The Probable Course of the Ball in President
McKinley’s Case
I view of the great professional interest
in the case of President McKinley, and in the absence, up to the
present writing, of any definite demonstration of the exact course
of the bullet, the M R
presents a study of probabilities which, from anatomical and surgical
standpoints, may prove interesting to our readers. The accompanying
illustrations have been made with great care, and with special reference
to their particular adaptability to the purposes of the article.
Figs. 1 and 2 indicate the points of entrance of the missile from
the front, and Fig. 3 shows, in a schematic way, the relation of
the important internal organs in an anteroposterior section of the
trunk.
At best, no absolute theory can be
advanced as
to the direction of the ball, as the latter has not been traced
beyond its point of exit from the posterior wall of the stomach.
Nor can any positive information be obtained as to the relative
positions of the would-be assassin and his victim. It was evidently
intended that the pistol should be fired point blank, the parties
nearly facing each other, and that the heart should be struck. In
the absence of any proof to the contrary, it must be assumed that
the aim was really in a direction from before backward, slightly
to the left, and on a horizontal plane.
In the present aspect of the case,
considering the important organs in the region of the wound tract,
the great wonder is that so many of them escaped mortal injury.

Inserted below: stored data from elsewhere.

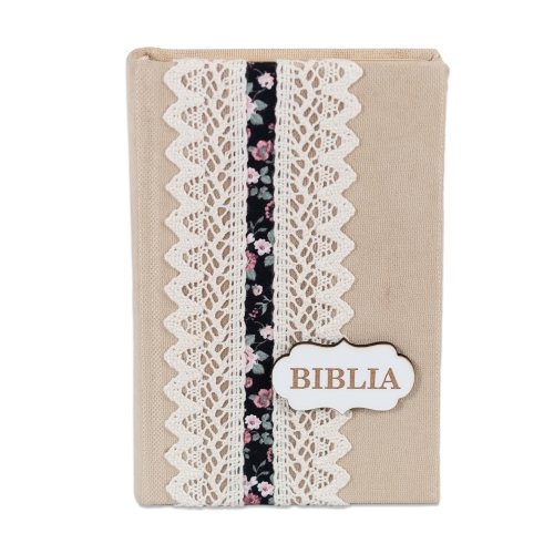 Biblia handmade, model 34, marime medie, coperta tare textila, margini aurii, index, cuv. lui Isus cu rosu [SI 057 HM]
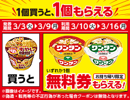 対象のお菓子を2個同時購入で30円引、3個同時購入で60円引
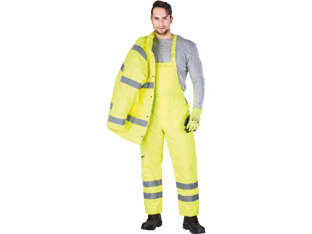 Zimné montérky s reflexnými pruhmi na spodnej časti nohavíc. - Plášť: 100% polyesterová Oxford tkanina potiahnutá polyuretánom, 180 g/m² - Podšívka: 100% polyester, 130 g/m² - Podšívka: 100% polyester taft 190T - dĺžkovo nastaviteľné traky - Dve bočné vrecká - Ďalšie vrecko na hornej časti nohavíc - Ideálne pre cestárov - Spĺňa požiadavky normy EN ISO 20471 (trieda 1).Dodatočné parametre
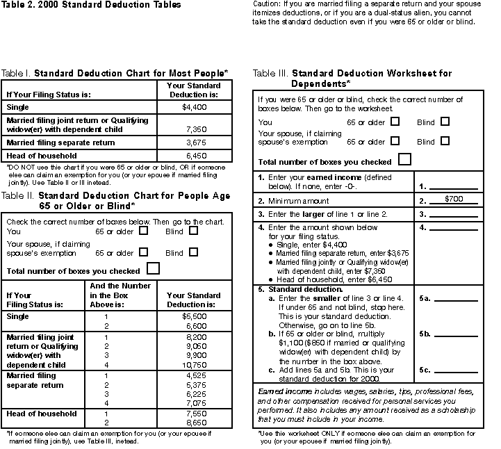 Standard deduction for earlier years. To determine if amounts recovered in 2001 must be included in your income, you must know the standard deduction for your filing status for the year the deduction was claimed. The standard deduction tables for 2000, 1999, and 1998 are shown in Tables 2, 3, and 4. If you need the standard deduction amounts for years before 1998, see the copy of your return for that year. Example. You filed a joint return for 2000 with a taxable income of $25,000. Your itemized deductions were $8,700. The standard deduction that you could have claimed was $7,350. In 2001, you recovered $2,400 of your 2000 itemized deductions. None of the recoveries were more than the actual deductions for 2000. Include $1,350 of the recoveries in your 2001 income. This is the smaller of your recoveries ($2,400) or the amount by which your itemized deductions were more than the standard deduction ($8,700 - $7,350 = $1,350). Negative taxable income. If your taxable income was a negative amount, reduce the recovery you must otherwise include in your income by the negative amount. Example. The facts are the same as in the previous example except you had a negative taxable income of $200 in 2000. You must include $1,150 in your 2001 income, rather than $1,350. Recovery limited to deduction. You do not include in your income any amount of your recovery that is more than the amount you deducted in the earlier year. The amount you include in your income is limited to the smaller of:

The opinion of the surgeons in attendance
on the President is to the effect that the foreign body is lodged
in the muscles of the back somewhere in the region of the eleventh
intercostal space and possibly in the substance of erector spinæ
muscles. This would give the ball almost a horizontal direction
from before backward. It is impossible to believe that it took a
more internal course toward the vertebral column, as the cœliac
axis [422][423] or even the aorta itself
would undoubtedly have been wounded. It has been quite clearly demonstrated
by the operation that the stomach was the only important organ injured.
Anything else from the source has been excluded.